### YOUR ASSIGNMENT
The expected result is a verbatim repetition of the lines from the start of the entries through the line containing "Operate the brake", with the pictures removed.

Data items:
┄┄┄┄┄┄

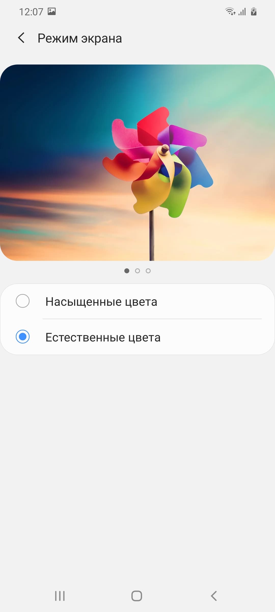 Фотография выше получена после выбора профиля Естественные цвета в настройках экрана, всего их два:
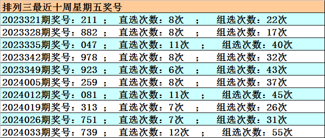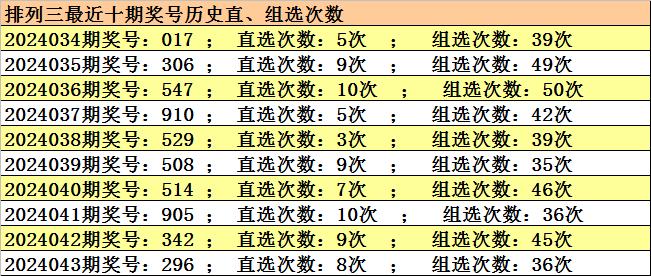 开奖回顾:排列三2024043期开奖:296,组六,和值17,跨度7,奇偶比1:2,大小比2:1。
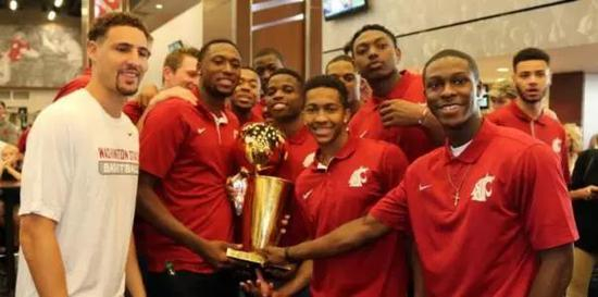 克莱-汤普森还在同外界的低估抗争着,而进入联盟之后他并没有斩断与母校之间的联系,他热衷于慈善以及校区、社区的建设,在惠特曼县——华盛顿州立大学主校区的所在地亲自参与的公益着实繁多;他也时刻关注着学弟们赛场内外的表现,为华盛顿州立大学的每一场胜负而牵动着情绪……
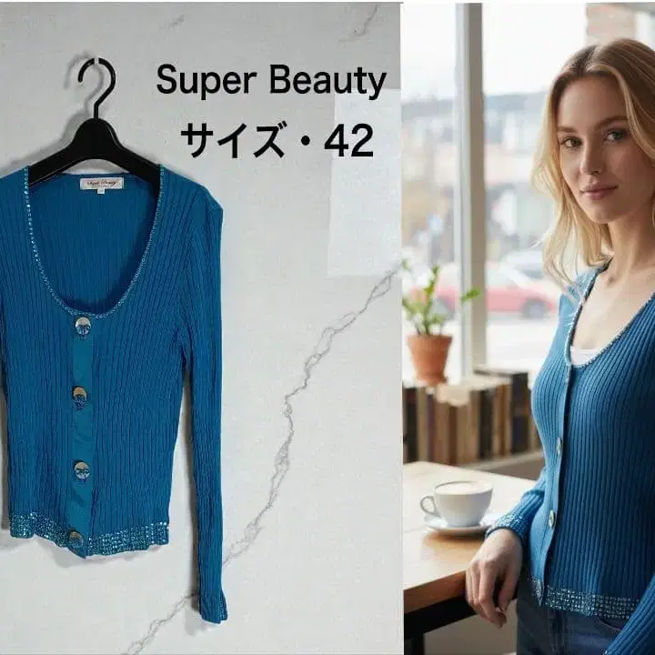 • 컨디션 최상 슈퍼뷰티 리브 니트 가디건 사이즈 40 블랙 비즈
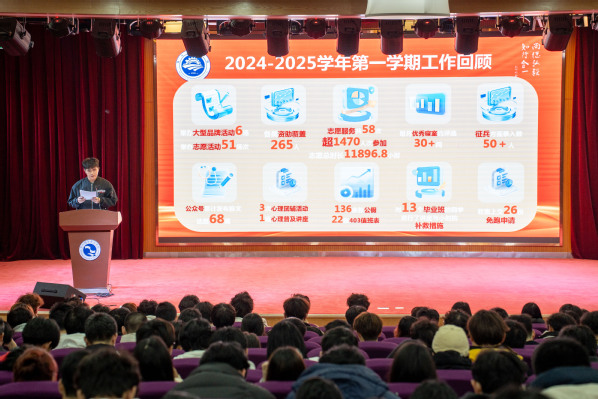 分团委学生会执行主席陈志斌对上学期学生会各部门工作内容进行总结报告,并对工作中的不足进行反馈与反思。上学期各部门在思想引领、学风建设、志愿服务、文体活动等主要任务中取得一定成效,强化了学生管理与服务,助力学生全面发展。
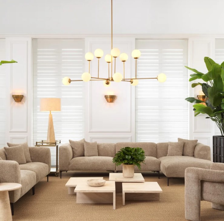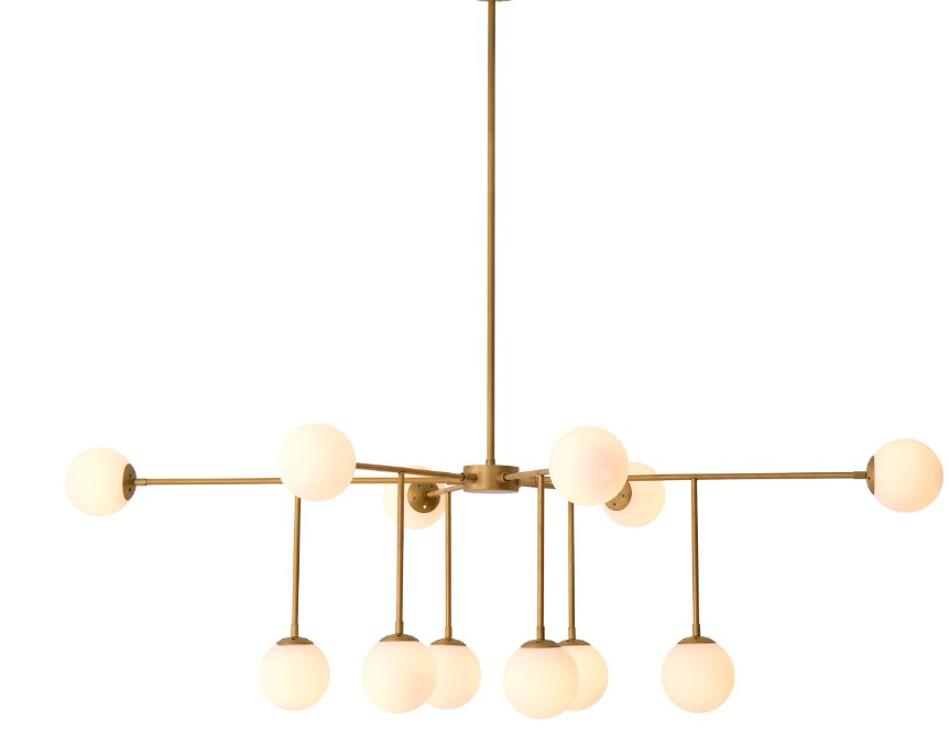 Aram kattovalaisin yhdistää messingin sävyisen rungon ja kaksitoista valkoista lasipalloa, luoden näyttävän ja elegantin kokonaisuuden, joka viimeistelee tilan modernilla ilmeellä. Valaisimen harmoninen muotoilu toimii sekä sisustuselementtinä että tehokkaana valonlähteenä.
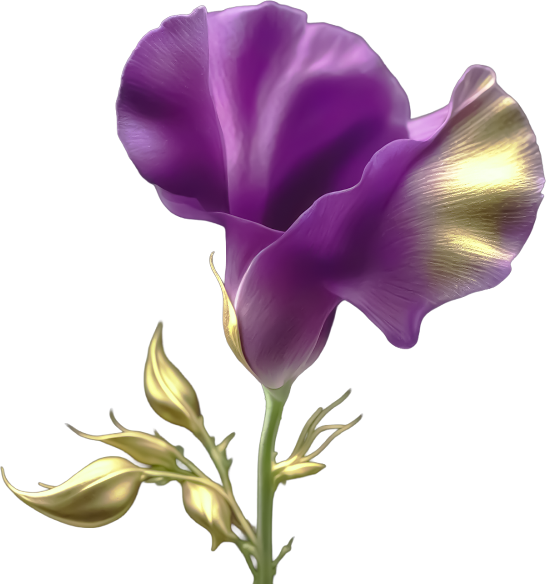 深みのあるロイヤルパープルに金の光が差す、華やかで印象的なスイートピー。
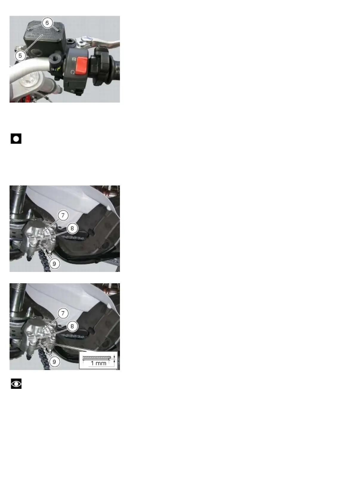 Operate the brake pedal repeatedly so that the pads are bedded in against the disc by the force of the brake fluid.
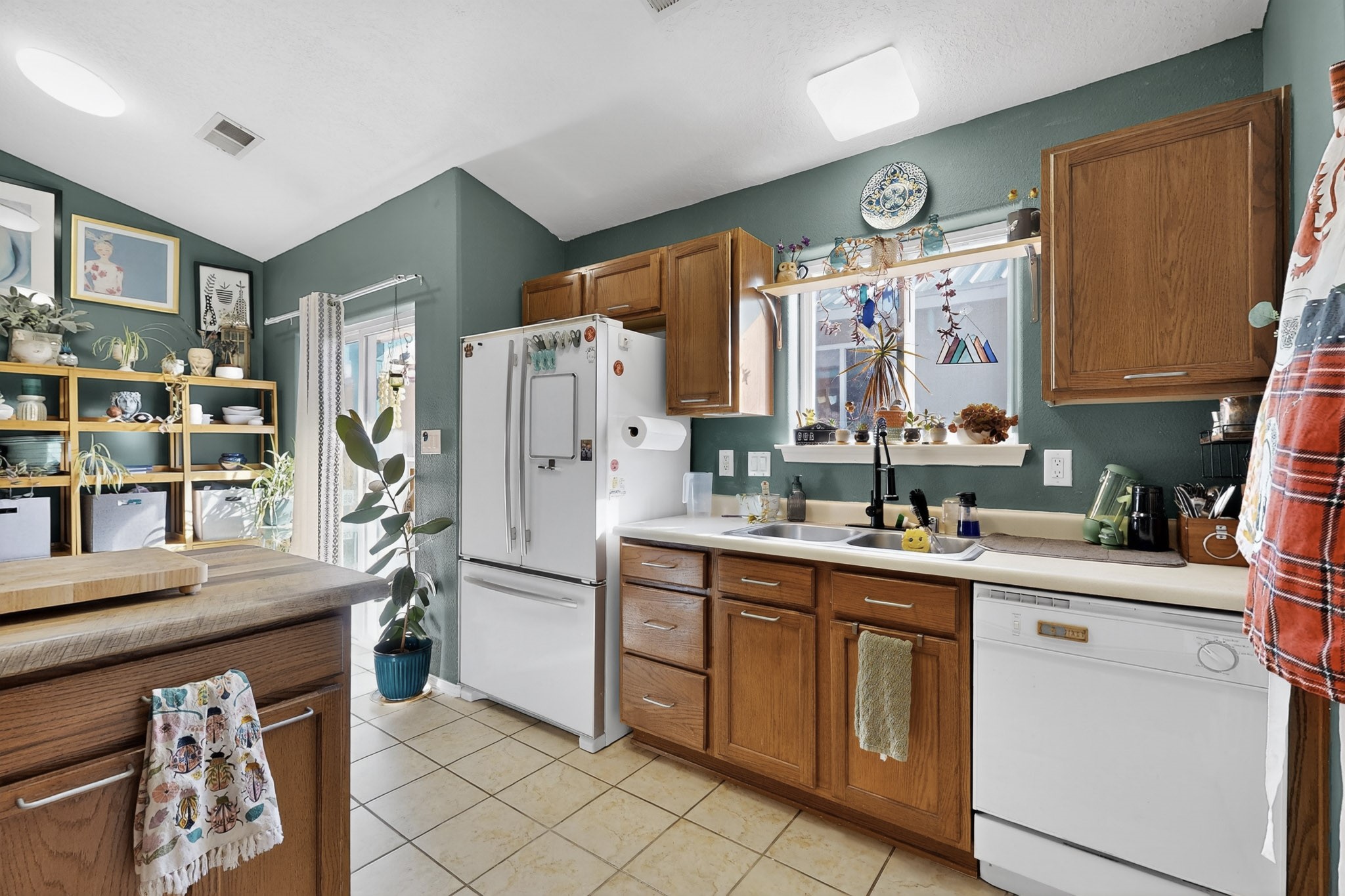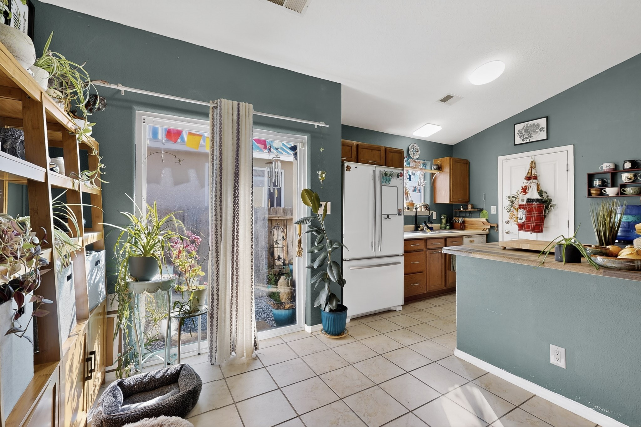 Come see this fantastic 3 bedroom, 2 bathroom gen! It's move-in ready and close to everything!This well-maintained, approximately 1,200 square foot, single-level home offers 3 bedrooms and 2 full bathrooms, and an open floorplan that features vaulted ceilings, natural light, and a beautiful gas kiva fireplace! With an enclosed front porch and patio doors that extend from the bright kitchen to the fully fenced, cozy and private back yard, perfect for outdoor living and entertaining! The private main bedroom is located at the rear of the home and includes a spacious ensuite bathroom with double vanities and generous closet space.Additional features include an attached 2-car garage, central A/C, tile floors, a dedicated laundry room, and a durable pro-panel roof. Conveniently situated near shopping, restaurants, and entertainment, this property also offers quick access to commuting routes in all directions! Come and see all this beautiful home has to offer! Schedule your private tour today!
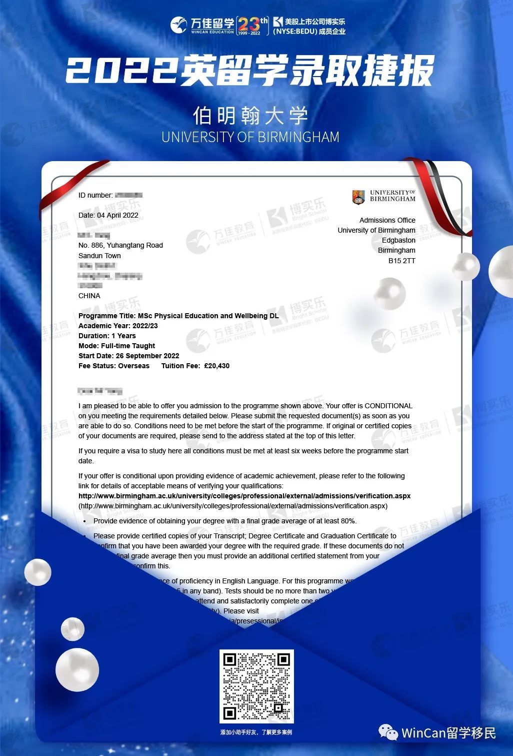 ③體育管理專業(yè)相對(duì)友好,本身學(xué)生本科是985背景,即便沒(méi)有達(dá)到英國(guó)名校要求,也有望沖擊成功;
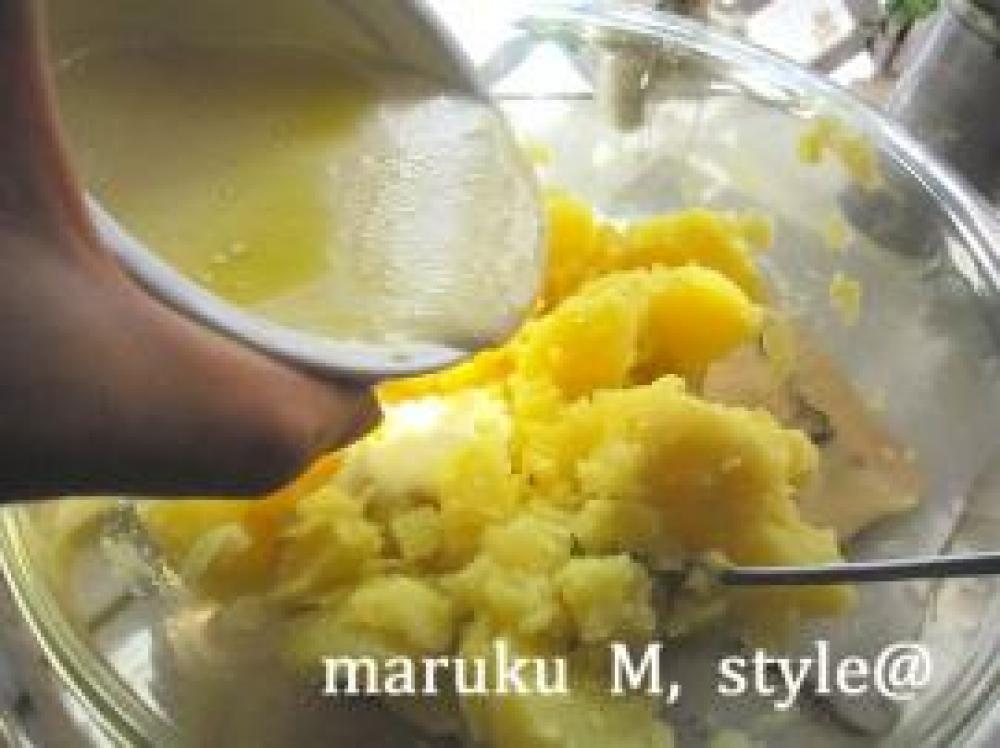 ![]() ジャガイモは人肌程度に冷めれば、★の材料を入れて味をなじませます。

┄┄┄┄┄┄

### ANSWER TO THIS PROBLEM
 Фотография выше получена после выбора профиля Естественные цвета в настройках экрана, всего их два:
 开奖回顾:排列三2024043期开奖:296,组六,和值17,跨度7,奇偶比1:2,大小比2:1。
 克莱-汤普森还在同外界的低估抗争着,而进入联盟之后他并没有斩断与母校之间的联系,他热衷于慈善以及校区、社区的建设,在惠特曼县——华盛顿州立大学主校区的所在地亲自参与的公益着实繁多;他也时刻关注着学弟们赛场内外的表现,为华盛顿州立大学的每一场胜负而牵动着情绪……
 • 컨디션 최상 슈퍼뷰티 리브 니트 가디건 사이즈 40 블랙 비즈
 分团委学生会执行主席陈志斌对上学期学生会各部门工作内容进行总结报告,并对工作中的不足进行反馈与反思。上学期各部门在思想引领、学风建设、志愿服务、文体活动等主要任务中取得一定成效,强化了学生管理与服务,助力学生全面发展。
 Aram kattovalaisin yhdistää messingin sävyisen rungon ja kaksitoista valkoista lasipalloa, luoden näyttävän ja elegantin kokonaisuuden, joka viimeistelee tilan modernilla ilmeellä. Valaisimen harmoninen muotoilu toimii sekä sisustuselementtinä että tehokkaana valonlähteenä.
 深みのあるロイヤルパープルに金の光が差す、華やかで印象的なスイートピー。
 Operate the brake pedal repeatedly so that the pads are bedded in against the disc by the force of the brake fluid.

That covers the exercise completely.